[[ Material for the task, beginning ]]
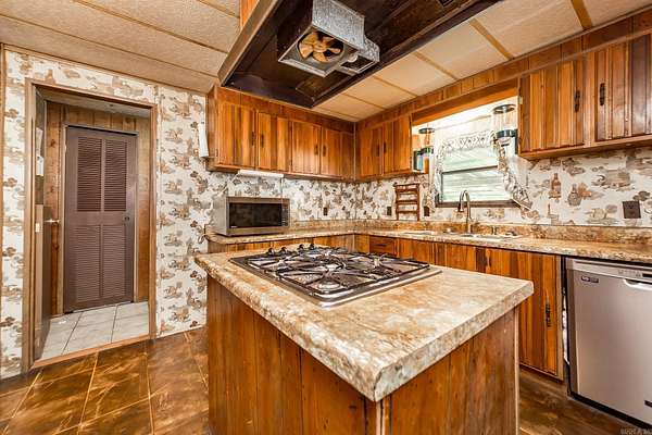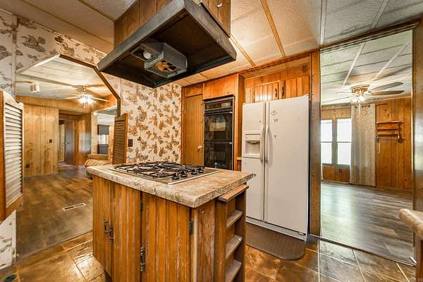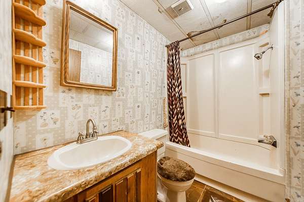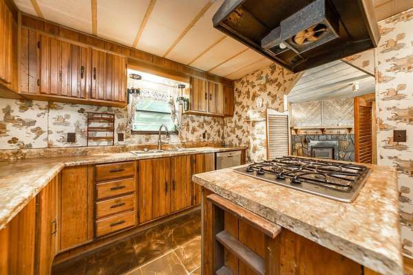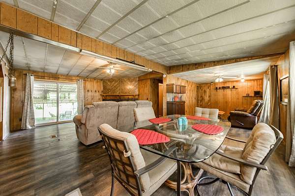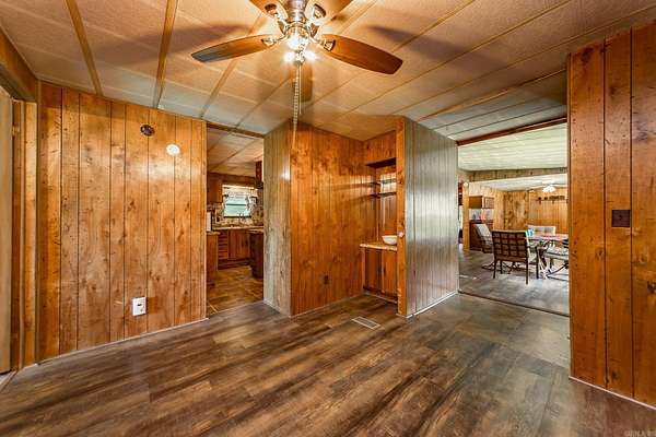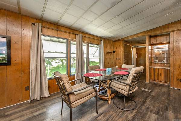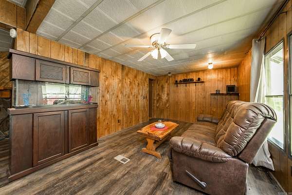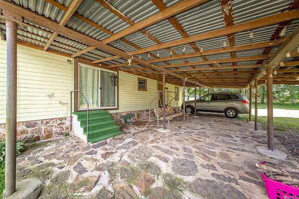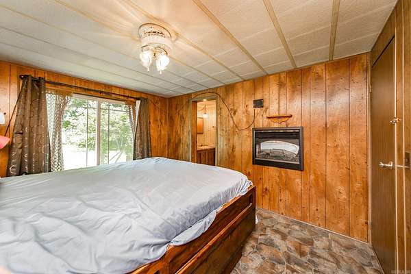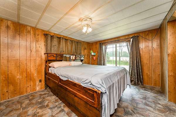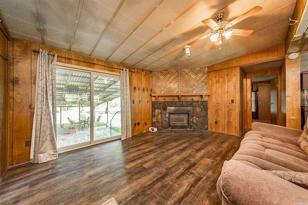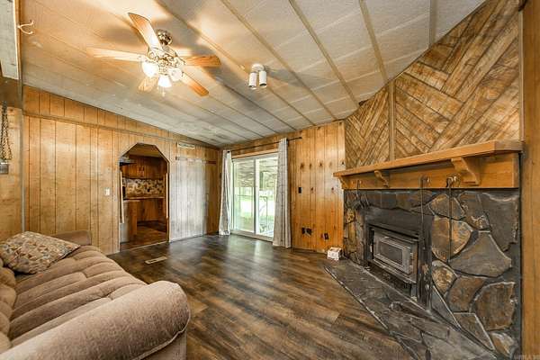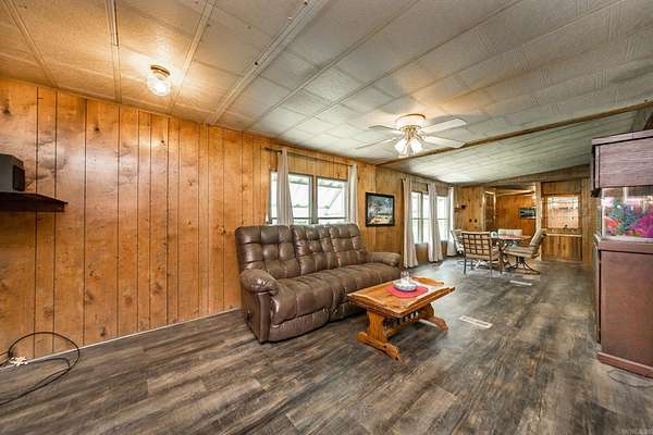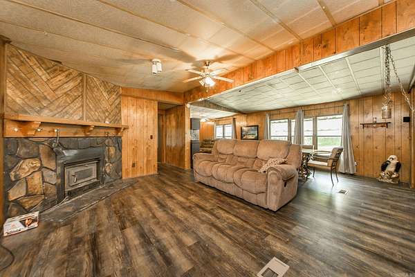 Escape to peaceful country living with this cozy 2-bedroom, 2-bath home situated on 5 beautiful acres, complete with a large pond and serene surroundings. This charming mobile home is perfect for those seeking space, privacy, and a relaxed lifestyle. The wood-burning fireplace with stone accents adds a warm, rustic touch to the inviting living area. Recent updates include new laminate flooring in the living/dining area and new sliding glass patio doors. A newer metal roof was installed in 2021, providing added peace of mind. The spacious primary suite features a built-in electric fireplace and a large bath with double vanities, a garden tub, and mirrored sliding closet doors. The entire property is fully fenced, with a separate fenced-in pen area ideal for pets. Additional features include a storage building and a storm cellar in the backyard. This property is a must-see for anyone craving a quiet country setting with room to roam!
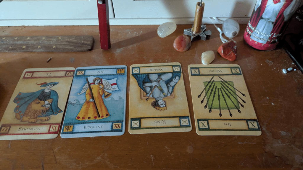 This is the pull I got from today’s section of where to read in the bible: Strength, Judgement, King of Wands (reversed) and ten of wands (reversed).
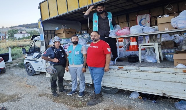 Dernekten yapılan açıklamada, bölgede görev yapan personel ve gönüllülere kumanya ve temel ihtiyaç malzemeleri gönderildiği belirtildi.
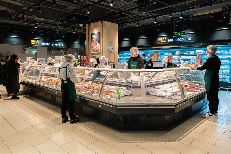 據(jù)了解,廬陽萬象匯店整體硬件設(shè)施更新占比達(dá)80%,取消了強(qiáng)制動線,擴(kuò)大了購物通道,讓賣場動線更流暢,新增散稱食品、蔬菜水果、活鮮區(qū)域的商品貨架等設(shè)備設(shè)施,收銀機(jī)臺也增加到了22個(gè),并在自助收銀處配備了裝袋打包崗位,幫助顧客完成自助結(jié)賬的流程。
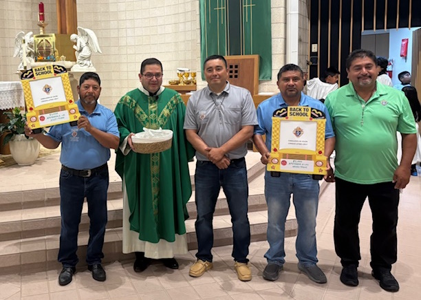 The Latino Roundtable, lead by brother Nector Diaz, presented Fr. Cesar with $2,000 in gift cards for back-to-school supplies for families in need at the conclusion of the Spanish Mass Sunday. They received a standing ovation from the Mass attendees.
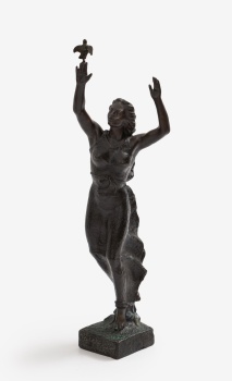 (Fontecha, Álava 1905 - Burgos 1969) "Joven con paloma" Firmado: J. Lucarini Bronce patinado 53,5 x 16 x 14 cm.
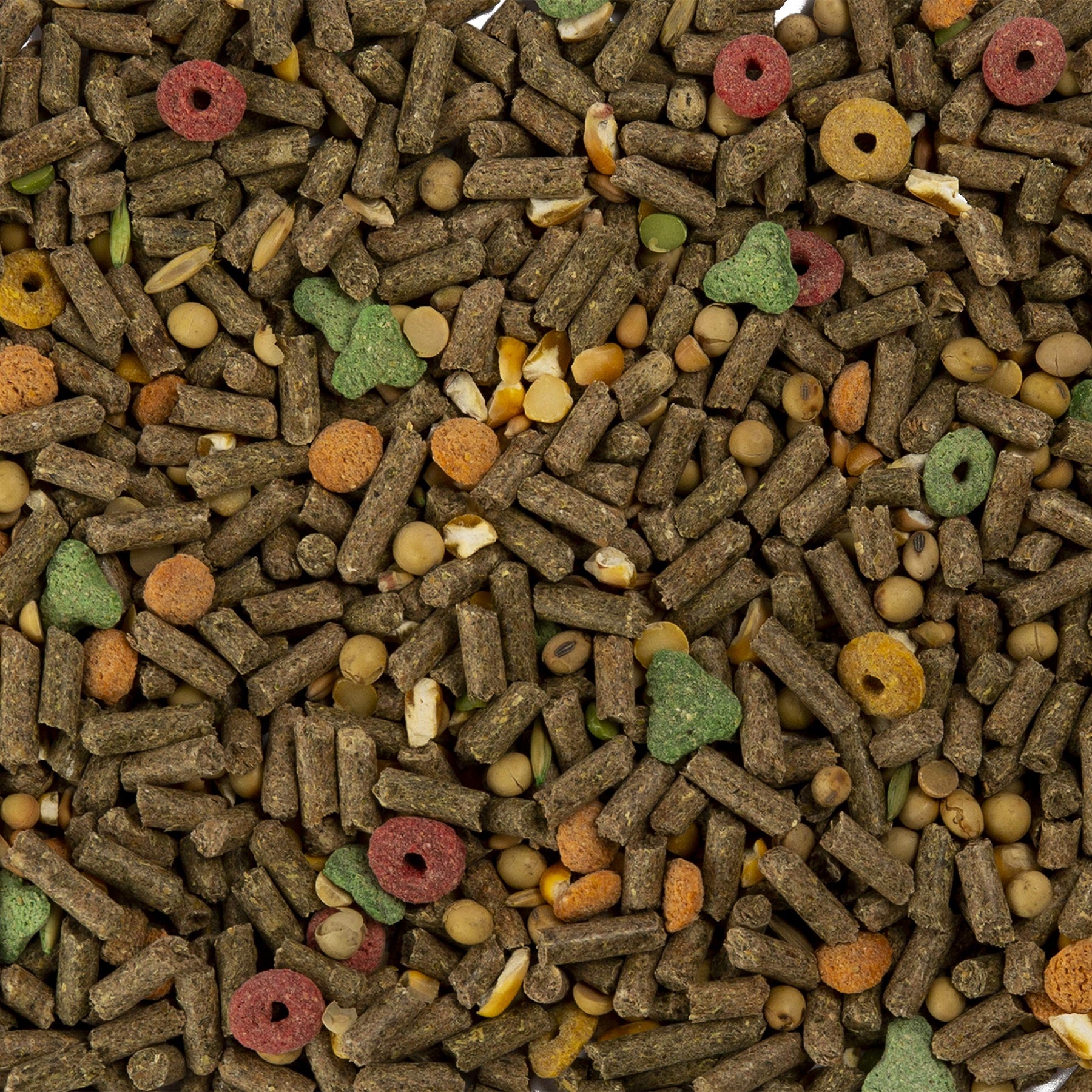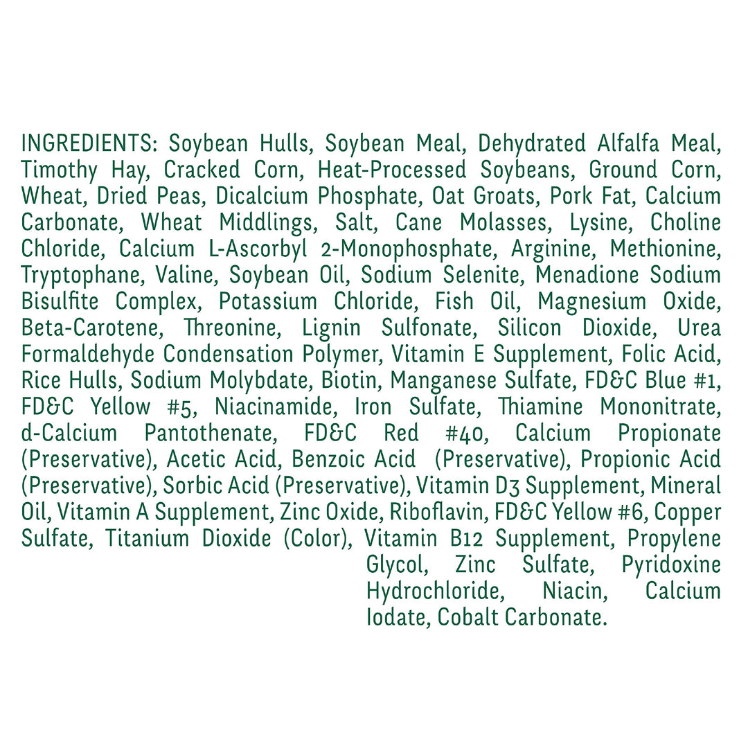 | ingredients | INGREDIENTS: Dehydrated Alfalfa Meal, Ground Timothy Hay, Heat-Processed Soybeans, Ground Corn, Wheat Middlings, Feeding Oatmeal, Soybean Meal, Oats, Cracked Corn, Wheat, Hulled Sunflower Seeds, Corn Gluten Meal, Peanuts, Dried Yellow Split Peas, Dried Green Split Peas, Dried Cranberries, Dried Carrot, Raisins, Soybean Oil, Dried Blueberries, Dried Apple, Dried Pineapple, Titanium Dioxide (color), Mineral Oil, Cane Molasses, Salt, Ground Limestone, Dicalcium Phosphate, Ascorbic Acid (source of Vitamin C), Choline Chloride, Vitamin A Acetate, Vitamin D3 Supplement, dl-Alpha Tocopheryl Acetate (Source of Vitamin E), Niacin, Riboflavin, Pyridoxine Hydrochloride, Thiamine Mononitrate, d-Calcium Pantothenate, Vitamin B12 Supplement, Menadione Sodium Bisulfite Complex (Source of Vitamin K), Folic Acid, Biotin, Magnesium Oxide, Ferrous Carbonate, Ferrous Sulfate, Zinc Oxide, Manganous Oxide, Copper Sulfate, Calcium Iodate, Cobalt Carbonate, Color Added: FD&C Red #40, FD&C Yellow #5, FD&C Blue #1, FD&C Yellow #6. |
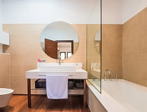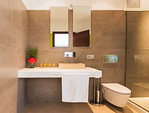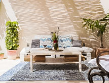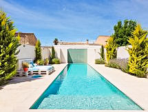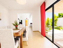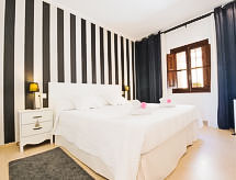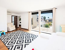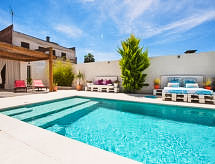Sant Joan: Mycket stort, modernt, vackert hus "Fullness Mallorca", med 2 våningar, renoverat. I orten, 280 m, lugnt, soligt läge, 1 km från skogsbrynet, 27 km från havet, 27 km från stranden. För privat bruk: vacker trädgård med planteringar, pool kantig (12 x 3 m, 140 - 200 cm djup, tillgång säsongsbunden: 01.Jan. - 31.Dec.) med salt-elektrolys. Dusch/toalett i poolområdet, bubbelbad, poolhus med kylskåp och spis, sittplats, berså, pergola, trädgårdsmöbler, utegrill. I huset: Trådlös LAN [WLAN], centralvärme, luftkonditionering, tvättmaskin, torktumlare. Parkering (täckt) vid huset. Affär, stormarknad, restaurang 300 m, bar 250 m, bageri 300 m, …minuts promenad till centrum 2, busshållplats 400 m, sandstrand 27 km, strand vid klippor 28 km. Sporthamn 27 km, golfbana (18 hål) 22 km. Notera: lämplig för barnfamiljer, passande för äldre. Objekt passande för 6 vuxna tonårsgrupper endast på förfrågan. Av- och pålastning av bagage är möjligt vid semesterbostaden. Flygplats 37 km från huset.Interior
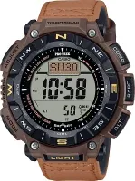 Мужские наручные часы Casio ProTrek PRG-340L-5E. Точный кварцевый механизм с цифровой индикацей. Ремешок изготовлен из кожи. После настройки автоматический календарь всегда отображает точную дату. Для подсветки дисплея используется светодиод, а так же имеет функцию автоматического включения подсветки, если Вы наклоните часы к своему лицу. Специальный датчик измеряет давление воздуха и отображает измеренное значение на экране в виде символа. Это дает возможность заранее определить изменения погоды. Функция будильника. Ежечасный сигнал. Функция хронографа. Встроенный цифровой компас определяет северный магнитный полюс. Отображение текущего времени в основных городах и конкретных областях по всему миру. Солнечная батарейка. Солнечная подзаряжающаяся батарейка обеспечивает питание часов для работы. Функция таймера. Таймеры обратного отсчета напомнят Вам о текущих или особенных событиях, издав звуковой сигнал в установленное время. Термометр. Датчик измеряет температуру окружающего воздуха вокруг часов и отображает ее на экране в градусах. Данные о восходе/закате солнца. После введения географического местоположения, на экране будет отображаться восход и закат солнца для любой установленной даты. Отображение времени возможно в 12-часовом или 24-часовом формате. Высотомер (альтиметр). Встроенный датчик давления определяет изменения в атмосферном давлении и преобразовывает полученные результаты в абсолютную высоту. Прочное, устойчивое к царапинам минеральное стекло защищает часы от повреждений. На циферблате отображается текущее число, месяц и день недели. Часы являются водонепроницаемыми до 10 Бар. Цвет циферблата: Коричневый. Цвет циферблата: Черный. Цвет корпуса: Серый. Светодиодная подсветка. Толщина: 15.1 мм. Гарантия: 2 года.
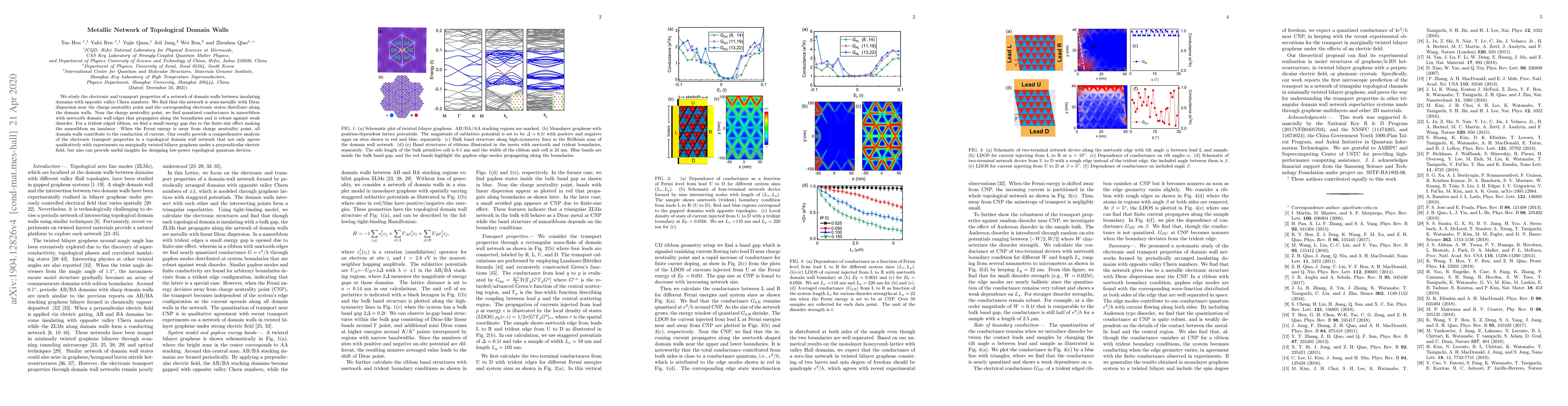 This paper investigates the electronic and transport properties of a network of topological domain walls, revealing semi-metallic behavior with Dirac dispersion near charge neutrality. It demonstrates quantized conductance in nanoribbons with domain wall edges, highlighting potential applications in low-power topological quantum devices.
[[ Material for the task, end ]]
Goal of the exercise >>
Print the records above again exactly. Leave out the images.

The answer >>
 Escape to peaceful country living with this cozy 2-bedroom, 2-bath home situated on 5 beautiful acres, complete with a large pond and serene surroundings. This charming mobile home is perfect for those seeking space, privacy, and a relaxed lifestyle. The wood-burning fireplace with stone accents adds a warm, rustic touch to the inviting living area. Recent updates include new laminate flooring in the living/dining area and new sliding glass patio doors. A newer metal roof was installed in 2021, providing added peace of mind. The spacious primary suite features a built-in electric fireplace and a large bath with double vanities, a garden tub, and mirrored sliding closet doors. The entire property is fully fenced, with a separate fenced-in pen area ideal for pets. Additional features include a storage building and a storm cellar in the backyard. This property is a must-see for anyone craving a quiet country setting with room to roam!
 This is the pull I got from today’s section of where to read in the bible: Strength, Judgement, King of Wands (reversed) and ten of wands (reversed).
 Dernekten yapılan açıklamada, bölgede görev yapan personel ve gönüllülere kumanya ve temel ihtiyaç malzemeleri gönderildiği belirtildi.
 據(jù)了解,廬陽萬象匯店整體硬件設(shè)施更新占比達(dá)80%,取消了強(qiáng)制動線,擴(kuò)大了購物通道,讓賣場動線更流暢,新增散稱食品、蔬菜水果、活鮮區(qū)域的商品貨架等設(shè)備設(shè)施,收銀機(jī)臺也增加到了22個(gè),并在自助收銀處配備了裝袋打包崗位,幫助顧客完成自助結(jié)賬的流程。
 The Latino Roundtable, lead by brother Nector Diaz, presented Fr. Cesar with $2,000 in gift cards for back-to-school supplies for families in need at the conclusion of the Spanish Mass Sunday. They received a standing ovation from the Mass attendees.
 (Fontecha, Álava 1905 - Burgos 1969) "Joven con paloma" Firmado: J. Lucarini Bronce patinado 53,5 x 16 x 14 cm.
 | ingredients | INGREDIENTS: Dehydrated Alfalfa Meal, Ground Timothy Hay, Heat-Processed Soybeans, Ground Corn, Wheat Middlings, Feeding Oatmeal, Soybean Meal, Oats, Cracked Corn, Wheat, Hulled Sunflower Seeds, Corn Gluten Meal, Peanuts, Dried Yellow Split Peas, Dried Green Split Peas, Dried Cranberries, Dried Carrot, Raisins, Soybean Oil, Dried Blueberries, Dried Apple, Dried Pineapple, Titanium Dioxide (color), Mineral Oil, Cane Molasses, Salt, Ground Limestone, Dicalcium Phosphate, Ascorbic Acid (source of Vitamin C), Choline Chloride, Vitamin A Acetate, Vitamin D3 Supplement, dl-Alpha Tocopheryl Acetate (Source of Vitamin E), Niacin, Riboflavin, Pyridoxine Hydrochloride, Thiamine Mononitrate, d-Calcium Pantothenate, Vitamin B12 Supplement, Menadione Sodium Bisulfite Complex (Source of Vitamin K), Folic Acid, Biotin, Magnesium Oxide, Ferrous Carbonate, Ferrous Sulfate, Zinc Oxide, Manganous Oxide, Copper Sulfate, Calcium Iodate, Cobalt Carbonate, Color Added: FD&C Red #40, FD&C Yellow #5, FD&C Blue #1, FD&C Yellow #6. |
Sant Joan: Mycket stort, modernt, vackert hus "Fullness Mallorca", med 2 våningar, renoverat. I orten, 280 m, lugnt, soligt läge, 1 km från skogsbrynet, 27 km från havet, 27 km från stranden. För privat bruk: vacker trädgård med planteringar, pool kantig (12 x 3 m, 140 - 200 cm djup, tillgång säsongsbunden: 01.Jan. - 31.Dec.) med salt-elektrolys. Dusch/toalett i poolområdet, bubbelbad, poolhus med kylskåp och spis, sittplats, berså, pergola, trädgårdsmöbler, utegrill. I huset: Trådlös LAN [WLAN], centralvärme, luftkonditionering, tvättmaskin, torktumlare. Parkering (täckt) vid huset. Affär, stormarknad, restaurang 300 m, bar 250 m, bageri 300 m, …minuts promenad till centrum 2, busshållplats 400 m, sandstrand 27 km, strand vid klippor 28 km. Sporthamn 27 km, golfbana (18 hål) 22 km. Notera: lämplig för barnfamiljer, passande för äldre. Objekt passande för 6 vuxna tonårsgrupper endast på förfrågan. Av- och pålastning av bagage är möjligt vid semesterbostaden. Flygplats 37 km från huset.Interior
 Мужские наручные часы Casio ProTrek PRG-340L-5E. Точный кварцевый механизм с цифровой индикацей. Ремешок изготовлен из кожи. После настройки автоматический календарь всегда отображает точную дату. Для подсветки дисплея используется светодиод, а так же имеет функцию автоматического включения подсветки, если Вы наклоните часы к своему лицу. Специальный датчик измеряет давление воздуха и отображает измеренное значение на экране в виде символа. Это дает возможность заранее определить изменения погоды. Функция будильника. Ежечасный сигнал. Функция хронографа. Встроенный цифровой компас определяет северный магнитный полюс. Отображение текущего времени в основных городах и конкретных областях по всему миру. Солнечная батарейка. Солнечная подзаряжающаяся батарейка обеспечивает питание часов для работы. Функция таймера. Таймеры обратного отсчета напомнят Вам о текущих или особенных событиях, издав звуковой сигнал в установленное время. Термометр. Датчик измеряет температуру окружающего воздуха вокруг часов и отображает ее на экране в градусах. Данные о восходе/закате солнца. После введения географического местоположения, на экране будет отображаться восход и закат солнца для любой установленной даты. Отображение времени возможно в 12-часовом или 24-часовом формате. Высотомер (альтиметр). Встроенный датчик давления определяет изменения в атмосферном давлении и преобразовывает полученные результаты в абсолютную высоту. Прочное, устойчивое к царапинам минеральное стекло защищает часы от повреждений. На циферблате отображается текущее число, месяц и день недели. Часы являются водонепроницаемыми до 10 Бар. Цвет циферблата: Коричневый. Цвет циферблата: Черный. Цвет корпуса: Серый. Светодиодная подсветка. Толщина: 15.1 мм. Гарантия: 2 года.
 This paper investigates the electronic and transport properties of a network of topological domain walls, revealing semi-metallic behavior with Dirac dispersion near charge neutrality. It demonstrates quantized conductance in nanoribbons with domain wall edges, highlighting potential applications in low-power topological quantum devices.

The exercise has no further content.